Universal Registration Document 2023

3. Governance and Compensation - AFR

3.1.2.6 On‑boarding and training of members of the Supervisory Board

All new members of the Supervisory Board are informed of their obligations. A welcome and induction program for all new members of the Supervisory Board was proposed. On this occasion, personalized meetings with the Chairman of the Supervisory Board, the Management Board and the Legal and Finance Departments are proposed to familiarize the new member with the organization and its internal practices, as well as with the Groupe’s business sectors. The new member receives documentation to help accomplish his or her mission. Where appropriate, site visits may be planned with the managers of subsidiaries.

Each Board member has access, should they so wish, to additional training, including on the particularities of the Company, its business lines, industry and the Company’s corporate and social responsibility challenges.

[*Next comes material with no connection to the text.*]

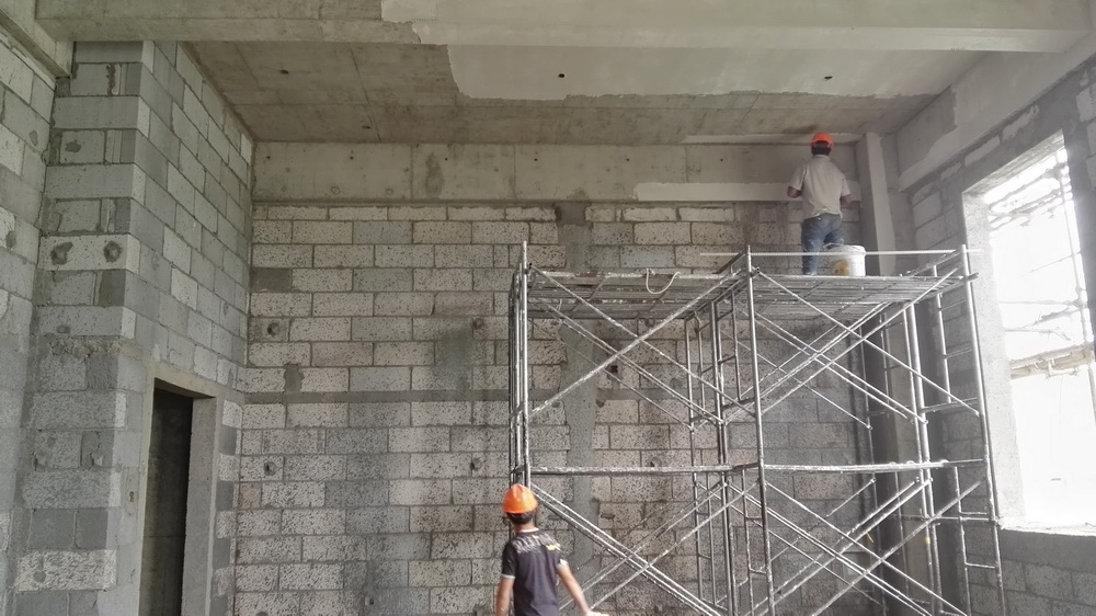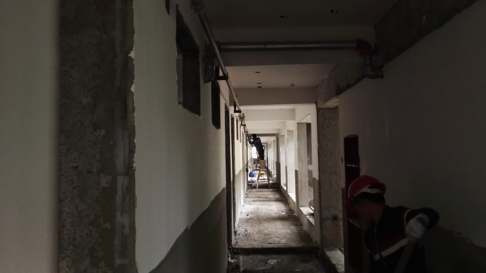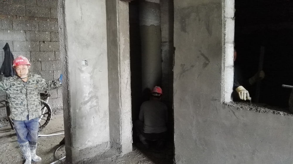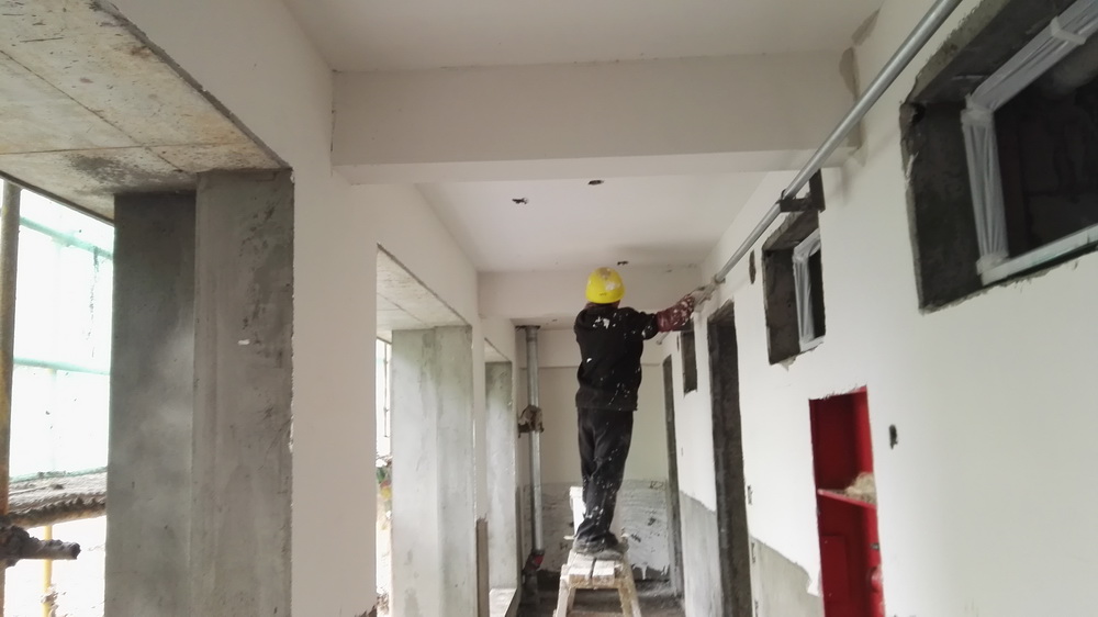 3. 瓦工开始粉刷,水电班组开槽布管。

Moreover, any Board member representing employees has, pursuant to the law, access to special training on the performance of their role and time allocated to allow them to fulfill their duties under the best possible conditions.

3.1.2.7 Procedure for assessing agreements
Ordinary ongoing arm’s length agreements (so‑called ordinary agreements)

Pursuant to article L. 22‑10‑29 of the French Commercial Code, the Supervisory Board meeting of September 11, 2019 established, on the proposal of the Audit Committee, a procedure for assessing ordinary ongoing arm’s length agreements.

The procedure for checking the classification and evaluation applies to all new agreements as well as any subsequent amendments (in particular renewal and extension), or when there are certain indications that an agreement or a certain type of agreement no longer fully qualifies as an ordinary agreement.

The Legal Department is informed of agreements typically classified as related‑party agreements or ordinary agreements at Publicis Groupe SA by the person directly or indirectly concerned who is aware of a draft agreement and, more broadly, by any Groupe body that is aware of a draft agreement. An agreement's ordinary and arm's length classifications are considered on a case‑by‑case basis by the Legal Department with the support of the Finance, Accounting, Real Estate and Internal Control Departments with reference to the study published by Compagnie Nationale des Commissaires aux Comptes in February 2014 on related‑party and ordinary agreements. If, following analysis, it appears that the agreement cannot be classified as an ordinary arm’s length agreement, it will be subject to the procedure for assessing related‑party agreements.

Any person directly or indirectly concerned with an ordinary agreement is not involved in its evaluation.

The Audit Committee looks at existing agreements as well as the criteria allowing the classification of ordinary arm’s length agreements. It informs the Supervisory Board of the follow‑up and outcomes of this procedure in the meeting on the annual review of the agreements entered into and approved in prior financial years that are still in effect.

The Supervisory Board expresses a view on changes to the procedure it feels are necessary and on the exclusion, or inclusion, of certain agreements in the category of ordinary arm’s length agreements.

Related‑party agreements

Pursuant to article L. 225‑86 of the French Commercial Code, any agreement entered into directly or through an intermediary between the Company and:

  • one of the members of the Management Board;
  • one of the members of the Supervisory Board;
  • a shareholder holding a percentage of voting rights greater than 10%, or, if it is a shareholder company, the company controlling it within the meaning of article L. 233‑3 of the French Commercial Code, must be subject to the prior authorization of the Supervisory Board.

These provisions are applicable to agreements in which one of these persons is indirectly interested.

Agreements between the Company and a company are also subject to prior authorization if one of the members of the Management Board or Supervisory Board is the owner, a partner with unlimited liability, a manager, a director, a member of the Supervisory Board or, in general, an executive officer of that company.

Under the terms of article L. 225‑88 of the French Commercial Code, the person directly or indirectly interested in the agreement is required to inform the Board as soon as he/she is aware of an agreement to which article L. 225‑86 is applicable. If he/she sits on the Board, he/she may not take part in the discussions or vote on the authorization requested.

The foregoing provisions are not applicable either to agreements relating to day‑to‑day operations and entered into under normal conditions, or to agreements entered into between two companies, one of which holds, directly or indirectly, all of the share capital of the other, as the case may be, less the minimum number of shares required by law.

Pursuant to the provisions of article L. 225‑86 of the French Commercial Code, the Supervisory Board’s authorization decisions since August 1, 2014 are all justified.

No agreements were entered into or continued in application of the provisions applicable to related‑party agreements during the 2023 financial year.